--- ASSIGNMENT ---
Below is some data. Retype exactly the lines starting at the one with "5月に種をまいてもう花を咲か" and ending at the one with "Inel din aur".

--- DATA SHOWN ---
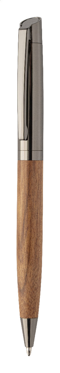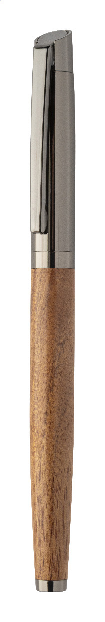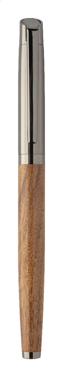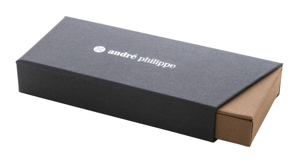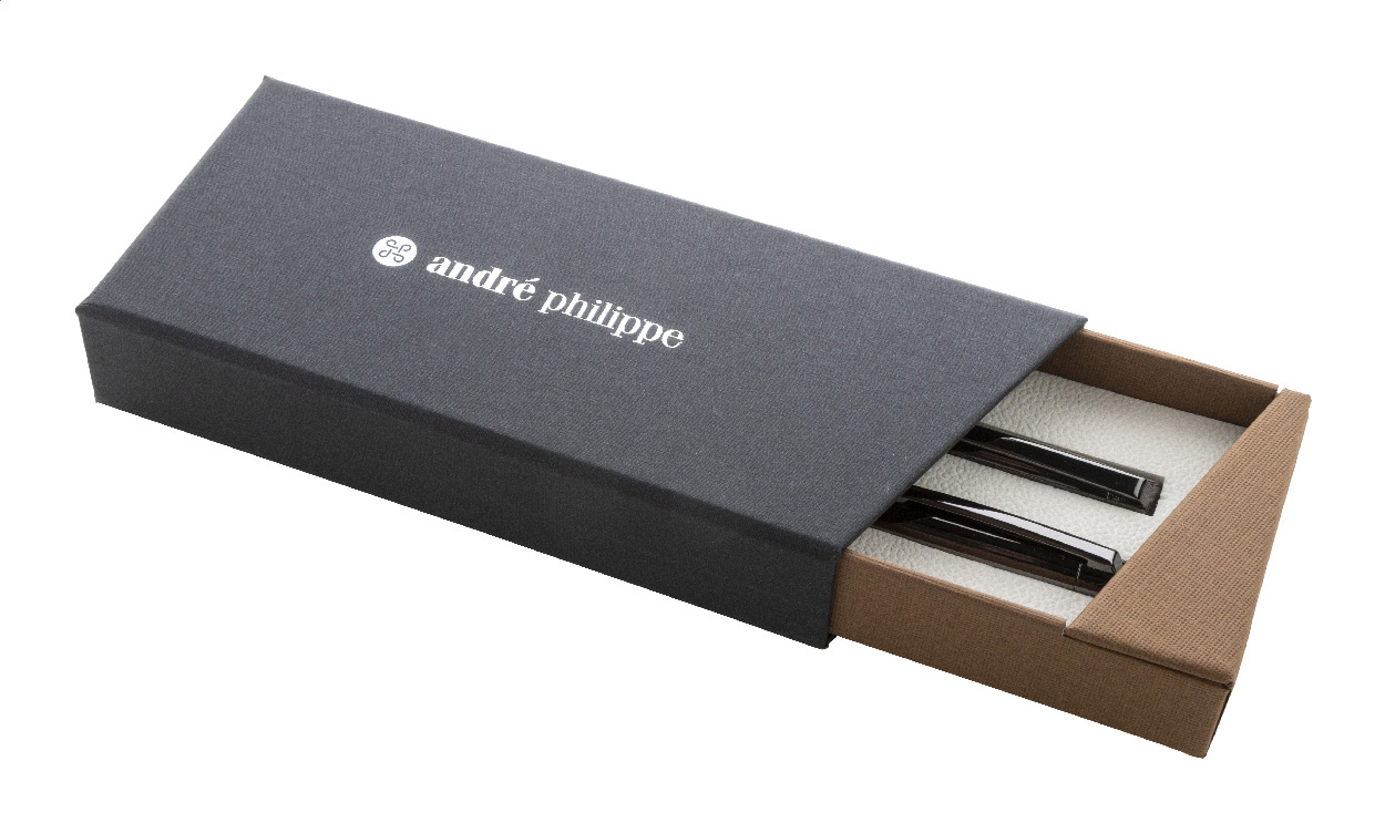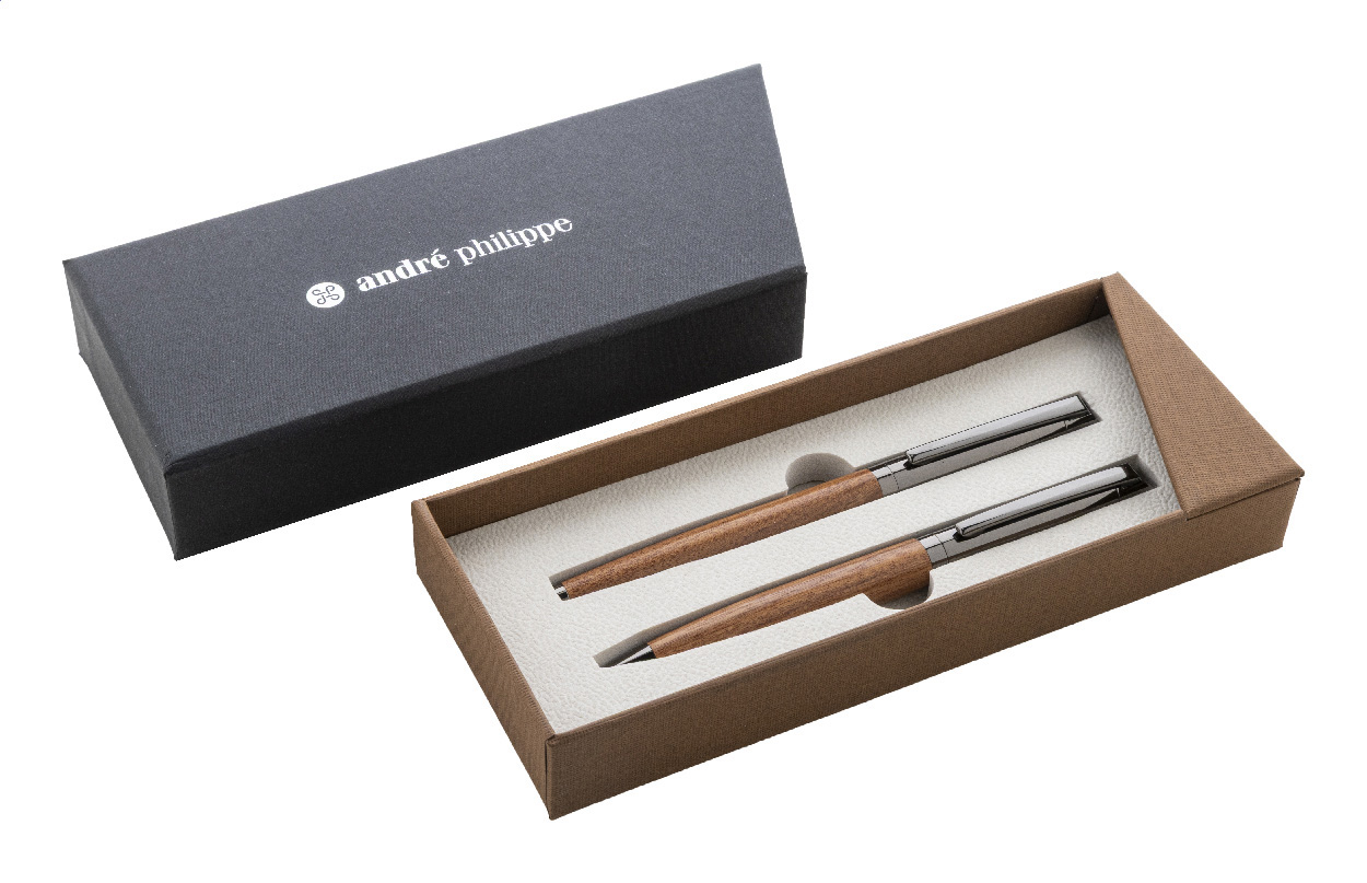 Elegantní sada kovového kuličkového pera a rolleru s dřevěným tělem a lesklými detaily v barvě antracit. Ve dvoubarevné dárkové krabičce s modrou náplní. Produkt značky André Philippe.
--
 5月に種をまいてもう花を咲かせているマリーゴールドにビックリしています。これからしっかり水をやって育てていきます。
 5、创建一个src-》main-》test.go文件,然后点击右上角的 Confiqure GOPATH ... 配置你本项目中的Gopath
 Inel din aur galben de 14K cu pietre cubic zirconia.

--- WRITTEN ANSWER ---
 5月に種をまいてもう花を咲かせているマリーゴールドにビックリしています。これからしっかり水をやって育てていきます。
 5、创建一个src-》main-》test.go文件,然后点击右上角的 Confiqure GOPATH ... 配置你本项目中的Gopath
 Inel din aur galben de 14K cu pietre cubic zirconia.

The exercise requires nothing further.